• **Your instructions**
This exercise requires an exact output of the listing, images omitted.

• **Given data**
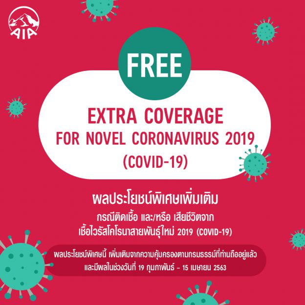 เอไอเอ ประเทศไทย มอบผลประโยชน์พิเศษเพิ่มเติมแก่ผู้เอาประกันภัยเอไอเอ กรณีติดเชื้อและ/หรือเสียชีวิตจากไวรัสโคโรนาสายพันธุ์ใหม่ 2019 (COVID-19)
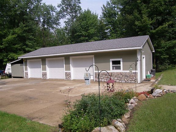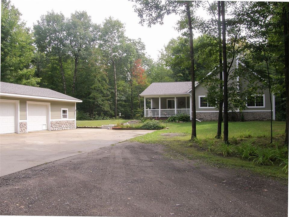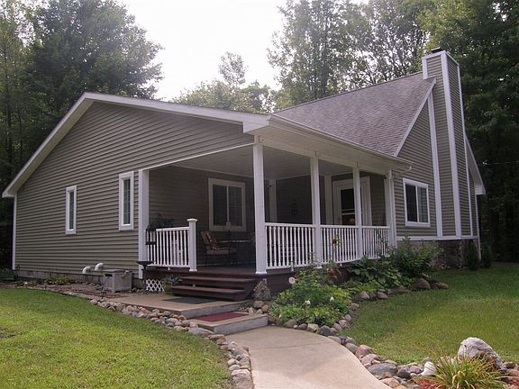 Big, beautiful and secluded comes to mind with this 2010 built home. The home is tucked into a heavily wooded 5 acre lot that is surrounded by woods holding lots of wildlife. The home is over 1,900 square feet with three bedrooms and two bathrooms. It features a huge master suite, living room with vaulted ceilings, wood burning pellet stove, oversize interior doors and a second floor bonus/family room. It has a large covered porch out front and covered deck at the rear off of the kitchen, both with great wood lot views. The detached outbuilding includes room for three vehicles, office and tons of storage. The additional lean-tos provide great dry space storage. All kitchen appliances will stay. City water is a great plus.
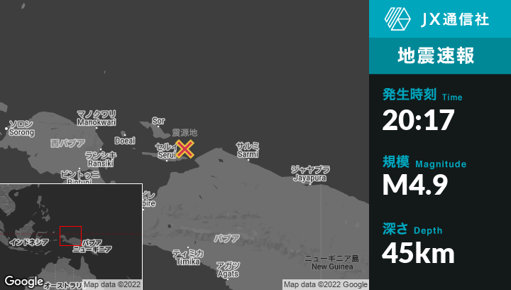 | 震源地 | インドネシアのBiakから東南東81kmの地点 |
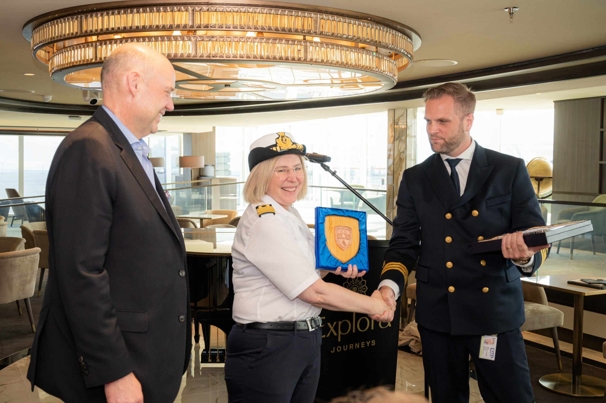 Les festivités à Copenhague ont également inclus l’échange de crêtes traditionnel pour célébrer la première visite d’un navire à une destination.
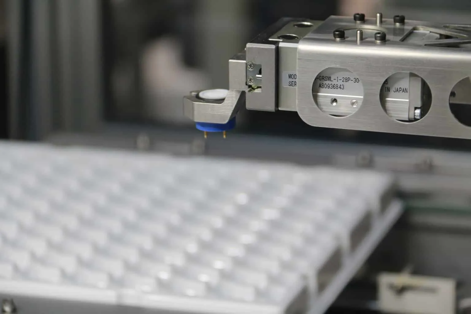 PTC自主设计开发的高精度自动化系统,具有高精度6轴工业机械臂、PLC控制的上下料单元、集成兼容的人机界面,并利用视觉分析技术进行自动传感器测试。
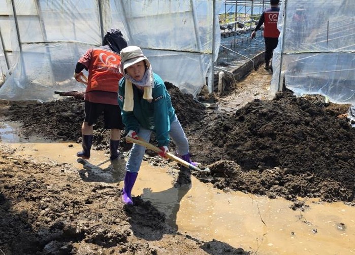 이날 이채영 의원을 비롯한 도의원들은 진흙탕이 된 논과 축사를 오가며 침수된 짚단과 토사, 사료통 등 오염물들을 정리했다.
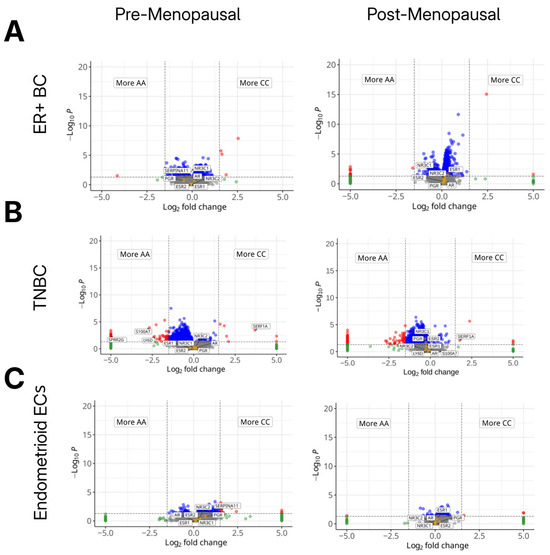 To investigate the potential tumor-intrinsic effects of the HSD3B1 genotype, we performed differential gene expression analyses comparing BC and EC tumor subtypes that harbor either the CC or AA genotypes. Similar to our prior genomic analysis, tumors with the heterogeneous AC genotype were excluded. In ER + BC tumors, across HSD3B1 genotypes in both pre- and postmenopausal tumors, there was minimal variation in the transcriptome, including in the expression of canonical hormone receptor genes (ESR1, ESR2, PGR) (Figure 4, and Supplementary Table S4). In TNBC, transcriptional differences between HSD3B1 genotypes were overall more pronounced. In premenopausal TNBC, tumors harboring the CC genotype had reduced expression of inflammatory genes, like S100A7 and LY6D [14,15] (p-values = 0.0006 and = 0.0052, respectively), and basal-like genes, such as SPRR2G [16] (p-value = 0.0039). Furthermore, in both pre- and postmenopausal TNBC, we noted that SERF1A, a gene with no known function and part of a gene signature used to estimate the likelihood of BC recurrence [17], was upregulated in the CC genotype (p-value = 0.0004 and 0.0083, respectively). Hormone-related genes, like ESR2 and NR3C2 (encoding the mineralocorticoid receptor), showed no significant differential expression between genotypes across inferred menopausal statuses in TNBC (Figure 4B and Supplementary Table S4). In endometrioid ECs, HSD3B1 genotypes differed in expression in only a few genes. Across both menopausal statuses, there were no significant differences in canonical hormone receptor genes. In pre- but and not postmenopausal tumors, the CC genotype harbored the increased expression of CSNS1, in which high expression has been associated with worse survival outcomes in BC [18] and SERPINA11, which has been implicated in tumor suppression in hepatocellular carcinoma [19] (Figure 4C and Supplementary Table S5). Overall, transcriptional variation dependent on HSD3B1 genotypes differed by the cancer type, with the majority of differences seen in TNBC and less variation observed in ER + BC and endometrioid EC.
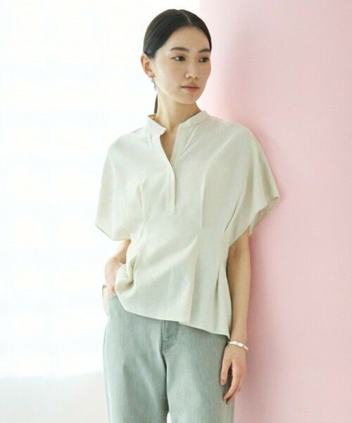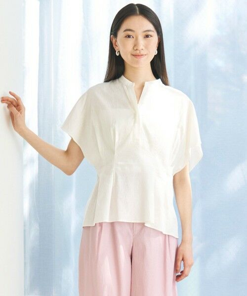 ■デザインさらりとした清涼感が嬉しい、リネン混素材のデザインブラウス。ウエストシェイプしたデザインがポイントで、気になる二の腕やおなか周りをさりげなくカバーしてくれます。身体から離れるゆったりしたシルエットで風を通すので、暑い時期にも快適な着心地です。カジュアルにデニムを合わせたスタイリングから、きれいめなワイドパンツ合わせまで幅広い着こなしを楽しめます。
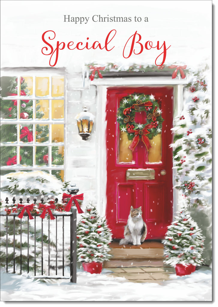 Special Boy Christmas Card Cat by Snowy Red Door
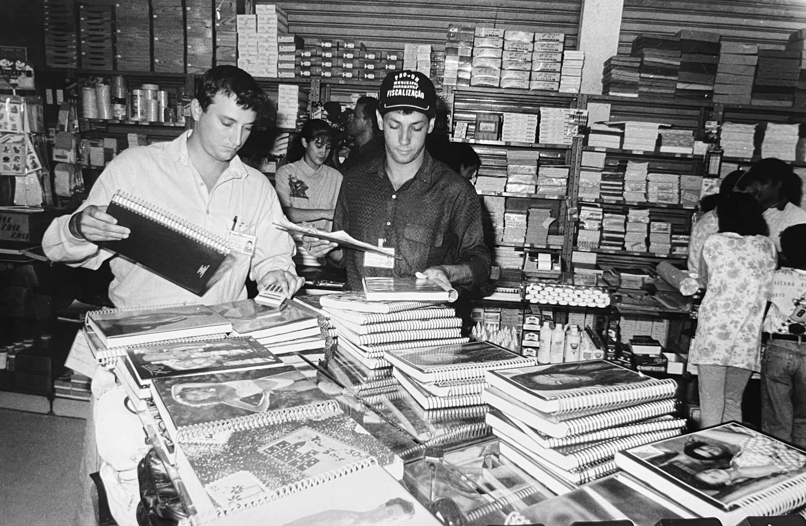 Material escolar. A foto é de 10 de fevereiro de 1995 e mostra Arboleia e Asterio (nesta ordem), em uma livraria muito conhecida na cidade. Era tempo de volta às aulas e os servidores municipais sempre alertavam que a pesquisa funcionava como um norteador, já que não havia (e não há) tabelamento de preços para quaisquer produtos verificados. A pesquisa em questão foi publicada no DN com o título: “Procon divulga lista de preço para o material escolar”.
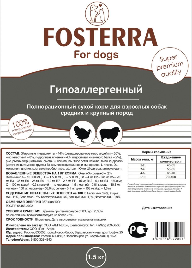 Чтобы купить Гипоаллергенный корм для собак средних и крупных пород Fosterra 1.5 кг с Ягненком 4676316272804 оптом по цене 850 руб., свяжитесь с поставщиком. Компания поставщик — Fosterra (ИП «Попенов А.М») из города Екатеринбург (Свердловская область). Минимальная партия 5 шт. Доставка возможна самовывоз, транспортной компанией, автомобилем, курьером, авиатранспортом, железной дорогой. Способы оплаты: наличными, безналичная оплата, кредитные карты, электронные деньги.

• **Written answer**
 เอไอเอ ประเทศไทย มอบผลประโยชน์พิเศษเพิ่มเติมแก่ผู้เอาประกันภัยเอไอเอ กรณีติดเชื้อและ/หรือเสียชีวิตจากไวรัสโคโรนาสายพันธุ์ใหม่ 2019 (COVID-19)
 Big, beautiful and secluded comes to mind with this 2010 built home. The home is tucked into a heavily wooded 5 acre lot that is surrounded by woods holding lots of wildlife. The home is over 1,900 square feet with three bedrooms and two bathrooms. It features a huge master suite, living room with vaulted ceilings, wood burning pellet stove, oversize interior doors and a second floor bonus/family room. It has a large covered porch out front and covered deck at the rear off of the kitchen, both with great wood lot views. The detached outbuilding includes room for three vehicles, office and tons of storage. The additional lean-tos provide great dry space storage. All kitchen appliances will stay. City water is a great plus.
 | 震源地 | インドネシアのBiakから東南東81kmの地点 |
 Les festivités à Copenhague ont également inclus l’échange de crêtes traditionnel pour célébrer la première visite d’un navire à une destination.
 PTC自主设计开发的高精度自动化系统,具有高精度6轴工业机械臂、PLC控制的上下料单元、集成兼容的人机界面,并利用视觉分析技术进行自动传感器测试。
 이날 이채영 의원을 비롯한 도의원들은 진흙탕이 된 논과 축사를 오가며 침수된 짚단과 토사, 사료통 등 오염물들을 정리했다.
 To investigate the potential tumor-intrinsic effects of the HSD3B1 genotype, we performed differential gene expression analyses comparing BC and EC tumor subtypes that harbor either the CC or AA genotypes. Similar to our prior genomic analysis, tumors with the heterogeneous AC genotype were excluded. In ER + BC tumors, across HSD3B1 genotypes in both pre- and postmenopausal tumors, there was minimal variation in the transcriptome, including in the expression of canonical hormone receptor genes (ESR1, ESR2, PGR) (Figure 4, and Supplementary Table S4). In TNBC, transcriptional differences between HSD3B1 genotypes were overall more pronounced. In premenopausal TNBC, tumors harboring the CC genotype had reduced expression of inflammatory genes, like S100A7 and LY6D [14,15] (p-values = 0.0006 and = 0.0052, respectively), and basal-like genes, such as SPRR2G [16] (p-value = 0.0039). Furthermore, in both pre- and postmenopausal TNBC, we noted that SERF1A, a gene with no known function and part of a gene signature used to estimate the likelihood of BC recurrence [17], was upregulated in the CC genotype (p-value = 0.0004 and 0.0083, respectively). Hormone-related genes, like ESR2 and NR3C2 (encoding the mineralocorticoid receptor), showed no significant differential expression between genotypes across inferred menopausal statuses in TNBC (Figure 4B and Supplementary Table S4). In endometrioid ECs, HSD3B1 genotypes differed in expression in only a few genes. Across both menopausal statuses, there were no significant differences in canonical hormone receptor genes. In pre- but and not postmenopausal tumors, the CC genotype harbored the increased expression of CSNS1, in which high expression has been associated with worse survival outcomes in BC [18] and SERPINA11, which has been implicated in tumor suppression in hepatocellular carcinoma [19] (Figure 4C and Supplementary Table S5). Overall, transcriptional variation dependent on HSD3B1 genotypes differed by the cancer type, with the majority of differences seen in TNBC and less variation observed in ER + BC and endometrioid EC.
 ■デザインさらりとした清涼感が嬉しい、リネン混素材のデザインブラウス。ウエストシェイプしたデザインがポイントで、気になる二の腕やおなか周りをさりげなくカバーしてくれます。身体から離れるゆったりしたシルエットで風を通すので、暑い時期にも快適な着心地です。カジュアルにデニムを合わせたスタイリングから、きれいめなワイドパンツ合わせまで幅広い着こなしを楽しめます。
 Special Boy Christmas Card Cat by Snowy Red Door
 Material escolar. A foto é de 10 de fevereiro de 1995 e mostra Arboleia e Asterio (nesta ordem), em uma livraria muito conhecida na cidade. Era tempo de volta às aulas e os servidores municipais sempre alertavam que a pesquisa funcionava como um norteador, já que não havia (e não há) tabelamento de preços para quaisquer produtos verificados. A pesquisa em questão foi publicada no DN com o título: “Procon divulga lista de preço para o material escolar”.
 Чтобы купить Гипоаллергенный корм для собак средних и крупных пород Fosterra 1.5 кг с Ягненком 4676316272804 оптом по цене 850 руб., свяжитесь с поставщиком. Компания поставщик — Fosterra (ИП «Попенов А.М») из города Екатеринбург (Свердловская область). Минимальная партия 5 шт. Доставка возможна самовывоз, транспортной компанией, автомобилем, курьером, авиатранспортом, железной дорогой. Способы оплаты: наличными, безналичная оплата, кредитные карты, электронные деньги.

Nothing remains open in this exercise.